Date of Award

2019

Degree Type

Dissertation

Degree Name

Doctor of Philosophy in Civil and Environmental Engineering

Department

Civil and Environmental Engineering

First Advisor

Mayrai Gindy

Abstract

Statistics by the Federal Highway Administration (FHWA)’s report indicates that 11% of the bridges in the United States are rated as "structurally deficient" and over 30% of existing bridges have exceeded their 50-year design life, meaning that condition assessment and repair programs will require substantial budget in the near future. Current observation-based bridge inspection techniques consist largely of time consuming and subjective measures for quantifying deterioration of bridges. During bridge inspection, simplistic methods for assessing deterioration in concrete bridge decks are only capable of detecting deterioration in its moderate to severe stages. To provide a more thorough assessment of deterioration in concrete bridge decks, advanced technologies should be incorporated into bridge inspection. Some advanced nondestructive testing methods such as Ground Penetrating Radar (GPR), are being implemented that provide sub-surface information. GPR has been successfully used in a wide range of applications. Using advanced technologies like ground penetrating radar (GPR), deterioration hidden from the naked eye or missed using traditional methods, like Chain Dragging and Hammering Sounding, can be more accurately detected.

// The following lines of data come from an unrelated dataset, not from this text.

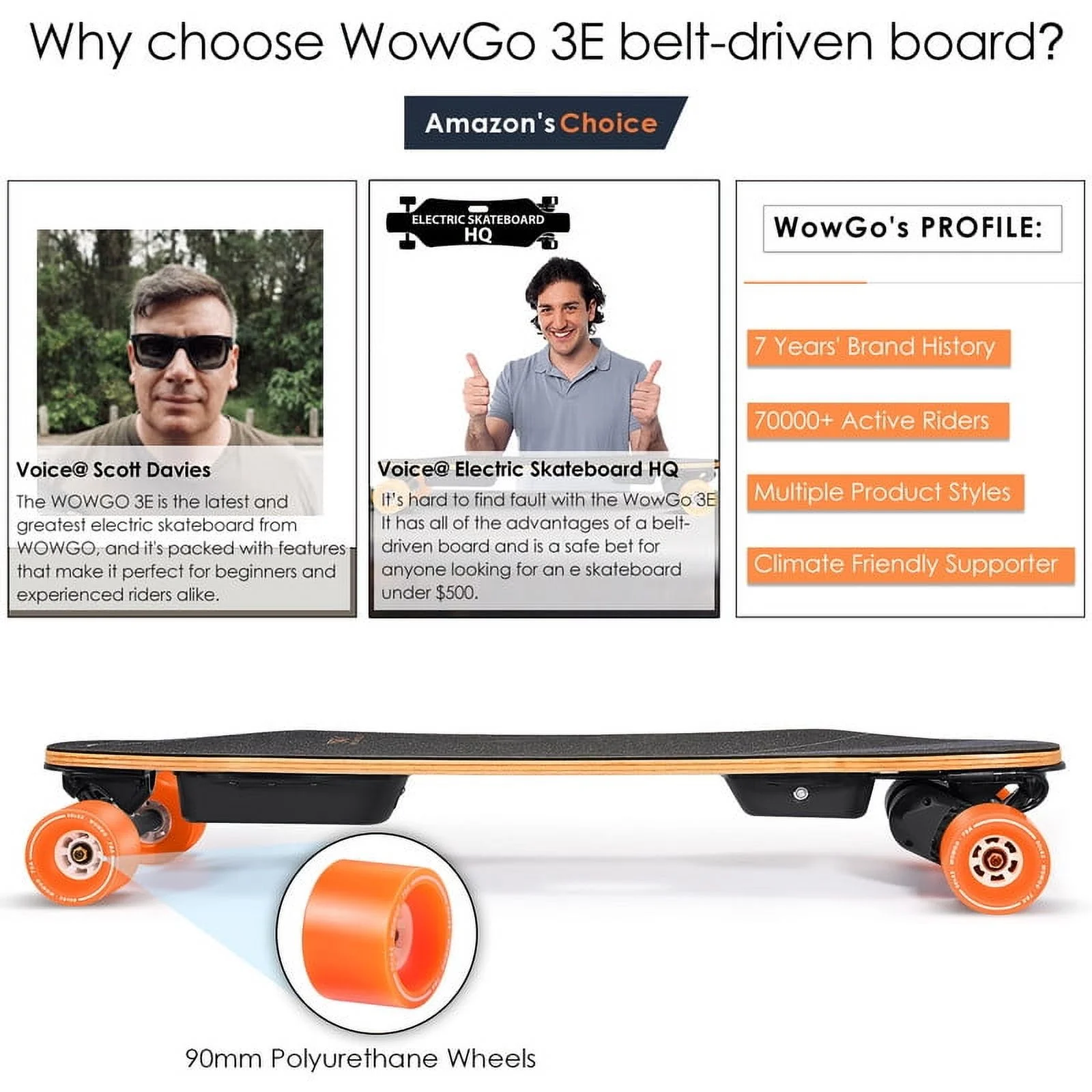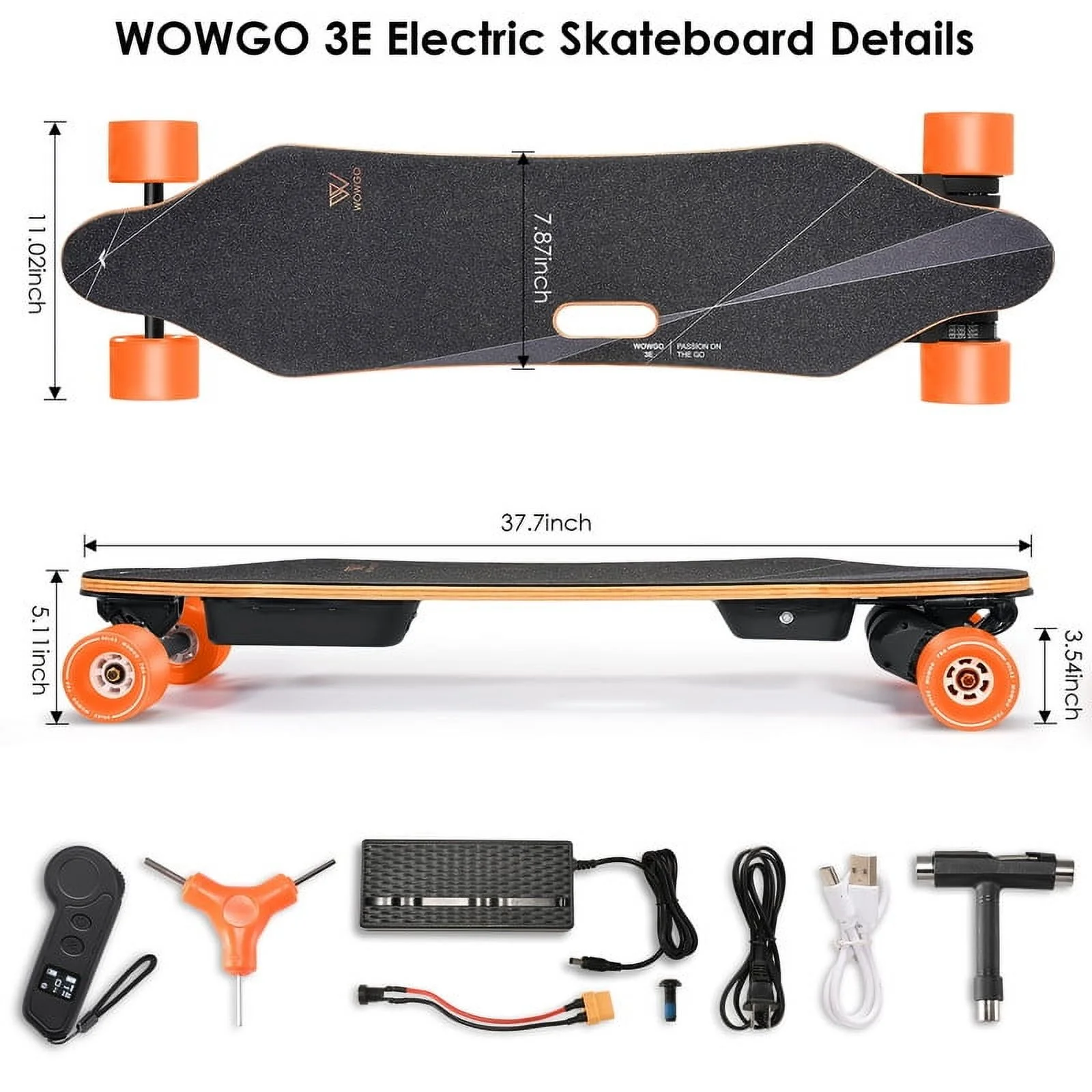 Wowgo 3E Electric Longboard Portable lightweight E Skateboard with Dual Motors Belt, Black, 330ib
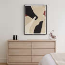 Apportez une touche moderne à votre décor avec ce tableau aux formes contrastantes et aux couleurs soigneusement équilibrées. Ses aplats noirs, crème et rouge créent une composition dynamique qui attire le regard sans surcharger l’espace.
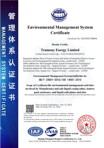 এই সার্টিফিকেশনগুলি উচ্চ-কার্যকারিতা, সামঞ্জস্যপূর্ণ তরল শীতল সমাধান (তরল শীতল প্লেট, শীতল টিউব,এবং ব্যাটারি প্যাকের নিচের কোষ) ইভি জন্য, ESS, এবং অন্যান্য অ্যাপ্লিকেশন
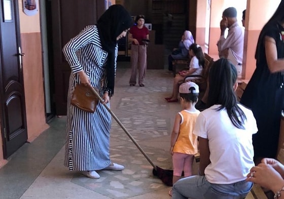 Проходя по коридору, увидел, как ребенок пролил сок. Попросил мамочку следить за ребенком. Никто не требовал протирать полы, хотя в том, что женщина уберет за своим малышом, ничего ужасного не вижу. Я лишь попросил подобрать мусор, брошенный ее ребенком, и показал, в какой стороне уборная в ответ на ее вопрос, — такое пояснение дал начальник отдела миграции и оформления гражданства Юнусабадского района капитан Умаров Азизжон.
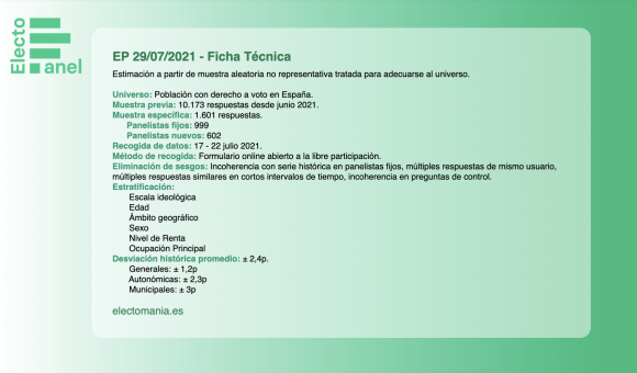 Beneficios exclusivos: Acceso completo: adelanto de los paneles horas antes de su publicación en abierto, panel para generales: (desglose de escaños y voto por provincias y partidos, mapa del partido ganador por provincias), electoPanel autonómico quincenal exclusivo, sección exclusiva para Patrones en El Foro y electoPanel especial VIP mensual exclusivo.
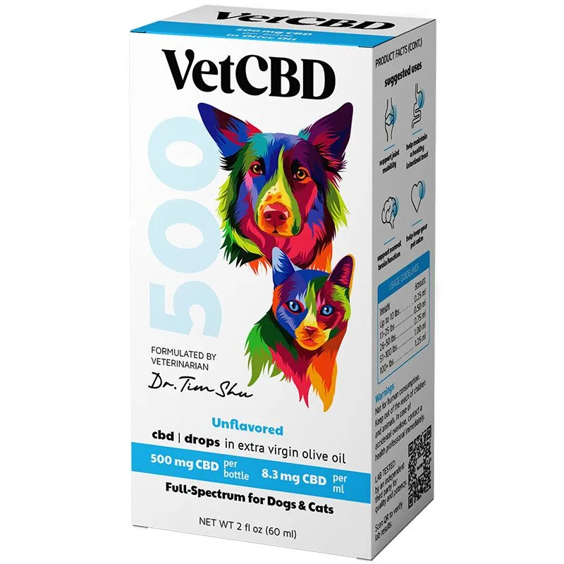 500 mg Tincture for dogs and cats is a premium product specially designed for medium-sized pets in multi-pet households. This formula contains 500mg of full-spectrum hemp extract, with a concentration of 8.3mg CBD/ml, ensuring your pets receive optimal benefits. VetCBD Hemp supports their mobility, calming needs, as well as gastrointestinal and brain health. Whether used daily or for long-term support, our high-quality hemp extract works harmoniously with their body, promoting overall wellness. VetCBD Hemp is the perfect addition to your pets’ routine, providing natural support for their active and balanced lifestyle.
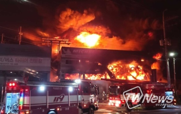 [제주교통복지신문 최효열 기자] 17일 오후 8시23분쯤 강원도 원시 지정명 차량 타이어 정비공장에서 화재가 발생했다.

Automatic rebar detection in GPR data is the basic step in an automatic system for GPR-based condition evaluation of bridge decks. Achieving real-time performance on Acorn Reduced Instruction Set Computing Machine (ARM) based platforms for onsite applications still remains a challenge. Development an accurate and cost-effective system for real-time onsite rebar detection in GPR images is goal of this study. The authors proposed a novel computer vision-based method for automatic detection of rebars in complex GPR images in highly deteriorated concrete bridge decks. Extensive experiment performed to develop a reference for selecting a deep learning-based detection architecture that provides the right accuracy, speed, and memory usage balance for real-time detection of rebars on the latest version of ARM-based platforms. A deep learning-based detector is presented that can be deployed on the latest version of ARM-based platforms. State of the art results is obtained on GPRDETN detection task by implementing rebar detection model using Faster R-CNN with ResNet 101 CNN backbone.